In 1788, and in total violation of what he had told Dixon, Meares started a new expedition with two vessels and more false papers. The ships sailed under the Portuguese flag and were given Portuguese names: the Felice Adventurero, captained by Meares, and the Iphigenia Nubiana, under William Douglas. The names are spelled in various ways, such as Feliz Aventureira and Efigenia Nubiana. They sailed from China on 22 January 1788 and arrived at Nootka Sound, on Vancouver Island in May.
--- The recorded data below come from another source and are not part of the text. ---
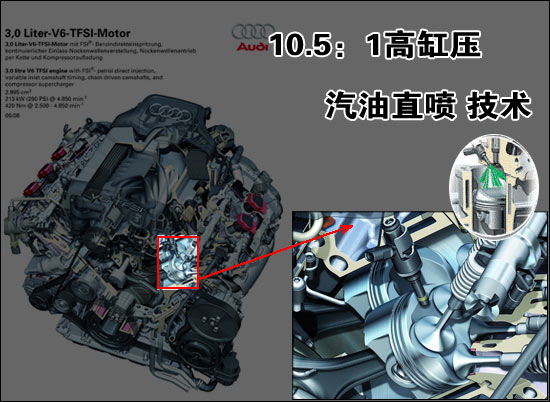 与我们以往所熟悉的奥迪发动机相同的是,这一新款引擎同样用到了这样几个字符“T”、“FSI”。掀开奥迪A6L(图库论坛)2.0T轿车的引擎罩后你会发现引擎上的“TURBO”和“FSI”字样;大众迈腾(图库论坛)的2.0TSI引擎也是把“TSI”当作宣传的重点,而前面所提到的“T”也的确代表着“涡轮增压”技术。因此奥迪的新款3.0TFSI引擎把这四个字母放在一起,就让人很容易联想成为“3.0涡轮增压+燃油直喷”。
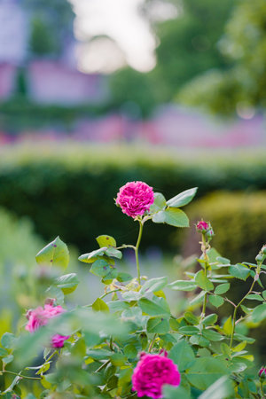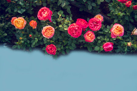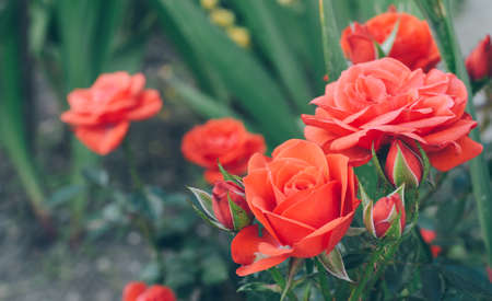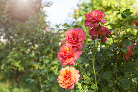 Beautiful blooming rose bush in the garden. Selective focus. Floral background for seasonal cards, blogs, posters and web design
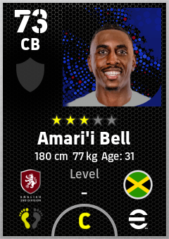 . Amari'i Bell is a Center Back footballer from Jamaica who plays for Charlton Rw in eFootball 2026.
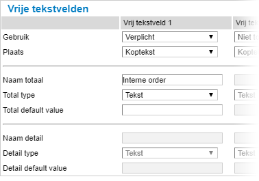 - Totaal- en detailregel: zet de vrije tekst in zowel de kop als de detailregel. In beide velden, 'Naam totaal' en 'Naam detail', kan het label van het vrije veld worden vastgelegd.
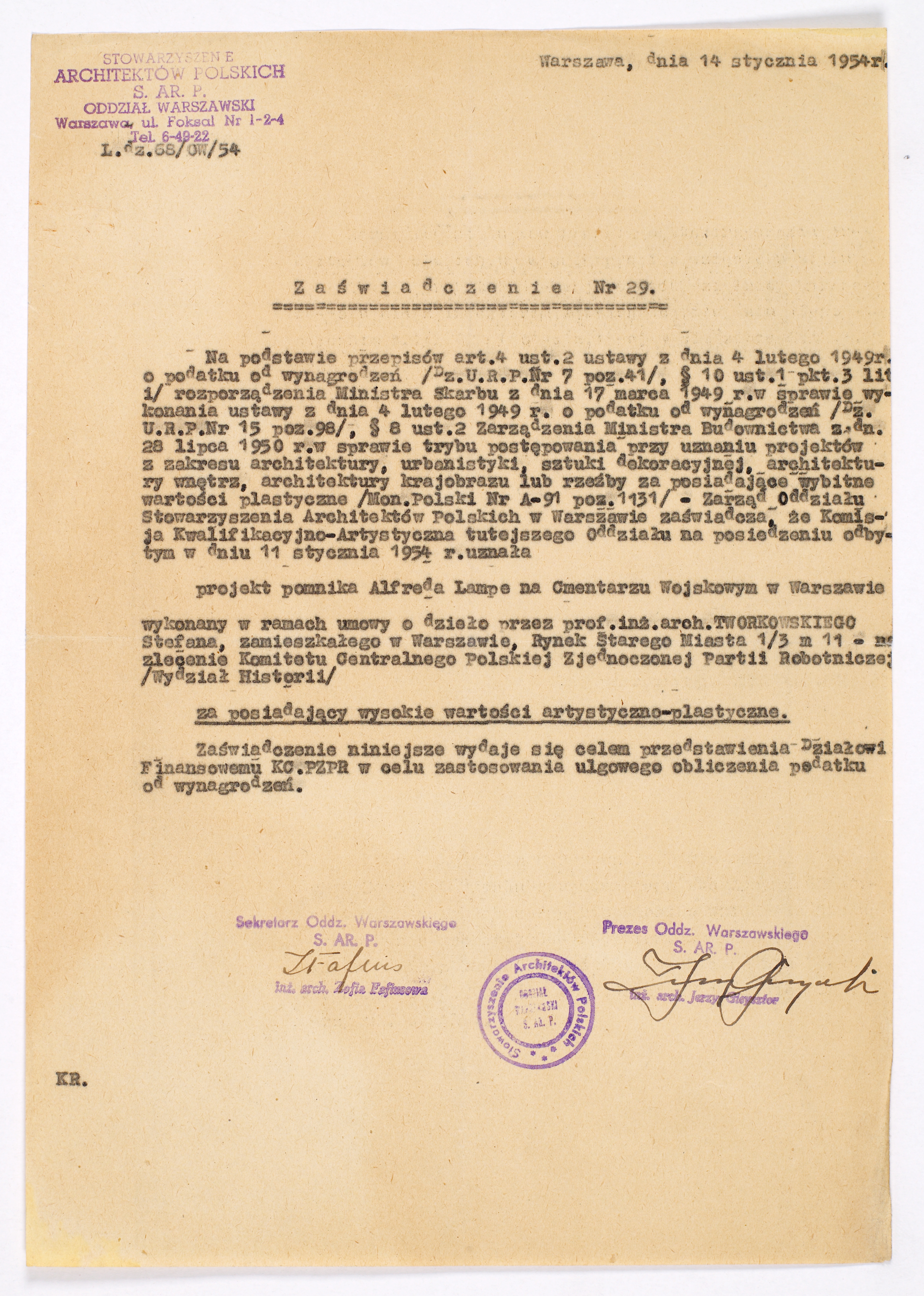 zaświadczenie prezesa warszawskiego oddziału SARP arch. Jerzego Gieysztora oraz sekretarz arch. Zofii Fafius o uznaniu projektu pomnika za dzieło o wysokich wartościach artystyczno-plastycznych

Using Nootka Sound as a base of operations he spent the summer trading for furs along the coasts of present-day British Columbia and Washington down to after having sailed as far south as Cape Lookout, having missed the Columbia River at Cape Disappointment.

On board Felice Adventurero for the 1788 voyage from China to Nootka Sound was Comekela, younger brother of Maquinna, chief of the Mowachaht Nuu-chah-nulth people of the Nootka Sound area. Comekela had sailed from Nootka Sound to China in 1786-87 with James Hanna.

Meares later claimed that Maquinna, a chief of the Nuu-chah-nulth (Nootka) people, sold him some land on the shore of Friendly Cove in Nootka Sound, in exchange for some pistols and trade goods, and that on this land some kind of building was erected. These claims would become a key point in Britain's position during the Nootka Crisis. Spain strongly disputed both claims, and the true facts of the matter have never been fully established. Maquinna himself later called Meares a liar and denied selling him any land. The land and building aside, there is no doubt that Meares' men, and a group of Chinese workers they brought, built the sloop North West America. It was launched in September 1788, the first non-Indigenous vessel built in the Pacific Northwest.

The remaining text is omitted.